Terms and Conditions Relating to Sales

The Customer’s attention is drawn in particular to clause 9

1 Definition of terms:

  • 1.1 In these Conditions: "Company" means Dainton Group Services Ltd
    "Conditions" means the standard terms and conditions of sale set out in this document and (unless the context otherwise requires) includes any special terms and conditions agreed in writing between the Customer and the Company
    "Contract" means the contract for the purchase and sale of the Goods
    "Customer" means the person who accepts a quotation of the Company for the sale of the Goods or whose order for the Goods is accepted by the Company
    "Force Majeure Event" means an event as defined in clause 9.10
    "Goods" means any units containers materials equipment plant or services (including any installment of the same or any parts for them) which the Company is to supply in accordance with these Conditions
    "Writing" includes email telex cable facsimile transmission and comparable means of communication.
  • 1.2 Any reference in these Conditions to any provision of a statute shall be construed as reference to that provision as amended re-enacted or extended at the relevant time.
  • 1.3 The headings in these Conditions are for convenience only and shall not affect their interpretation.

2 Basis of the sale

  • 2.1 The Company shall sell the Goods as sold as seen (unless otherwise stated) and the Customer shall purchase the Goods in accordance with any written quotation of the Company which is accepted by the Customer or any written order of the Customer which is accepted by the Company subject in either case to these Conditions which shall govern the Contract to the exclusion of any other terms and conditions that the Customer seeks to impose or incorporate, or which are implied by trade, custom, practice or course of
  • 2.2 No variation to these Conditions shall be binding unless agreed in writing between the authorised representatives of the Customer and the Company.
  • 2.3 The Company’s employees or agents are not authorised to make any representations concerning the Goods unless confirmed by the Company in writing.

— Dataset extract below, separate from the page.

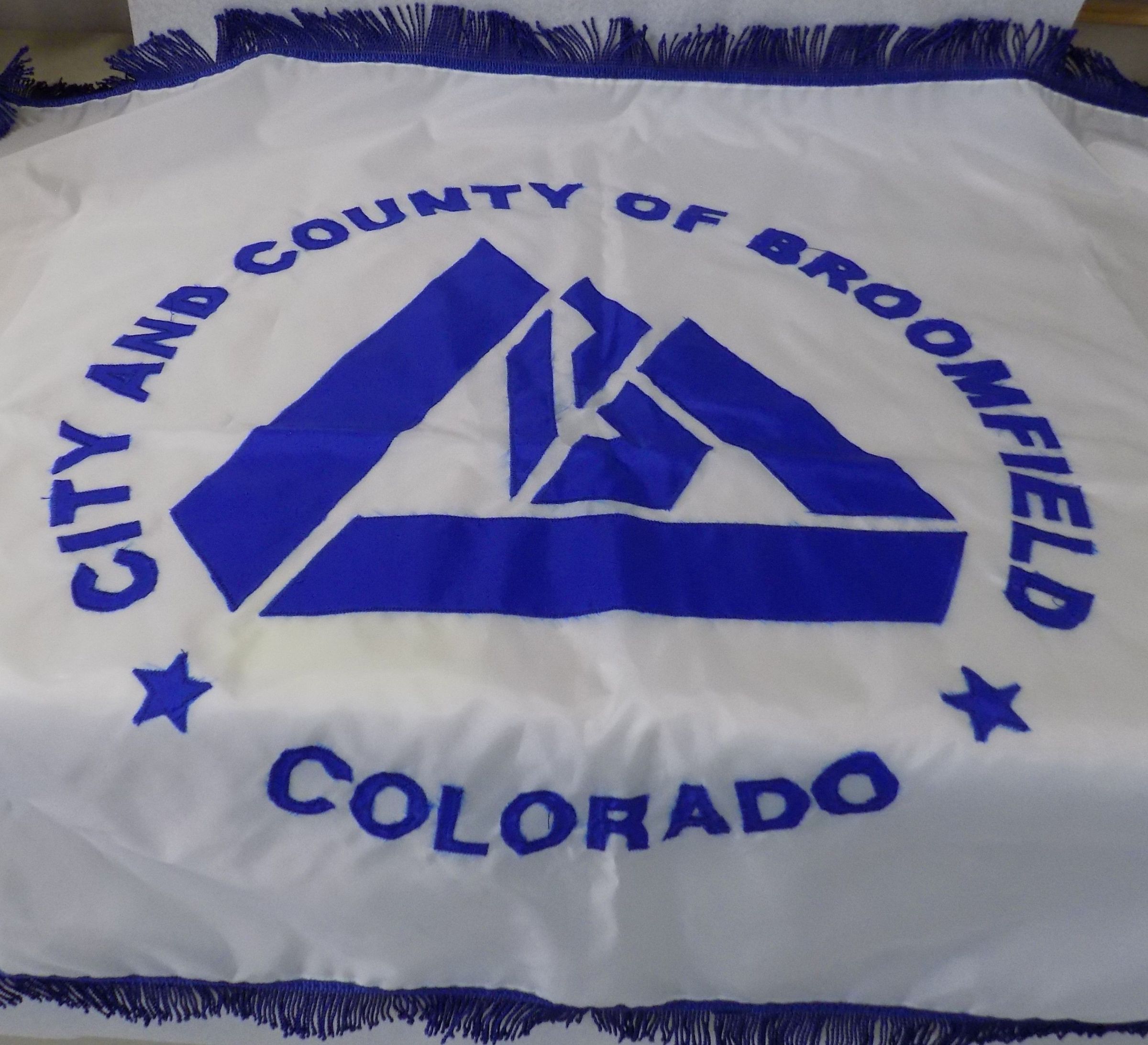 Item is a flag from the city and county of Broomfield manufactured in Denver by American Pennant. This textile features a white background with the words "City and County of Broomfield, Colorado" arced around an embroidered image of the city's logo. The flag is bordered by a sewn-on band of navy blue tassels, which cover all sides except the one that would attach to a flag pole.Collection

In entering into the Contract the Customer acknowledges that it does not rely on and waives any claim for breach of any such representations which are not so confirmed
  • 2.4 Any advice or recommendation given by the Company or its employees or agents to the Customer or its employees or agents as to the application or use of the Goods which is not confirmed in writing by the Company is followed or acted upon entirely at the Customer’s own risk and accordingly the Company shall not be liable for any such advice or recommendation which is not so confirmed
  • 2.5 Any typographical clerical or other error or omission in any sales literature quotation price list acceptance or offer invoice or other document or information issued by the Company shall be subject to correction without any liability on the part of the Company. This includes the website.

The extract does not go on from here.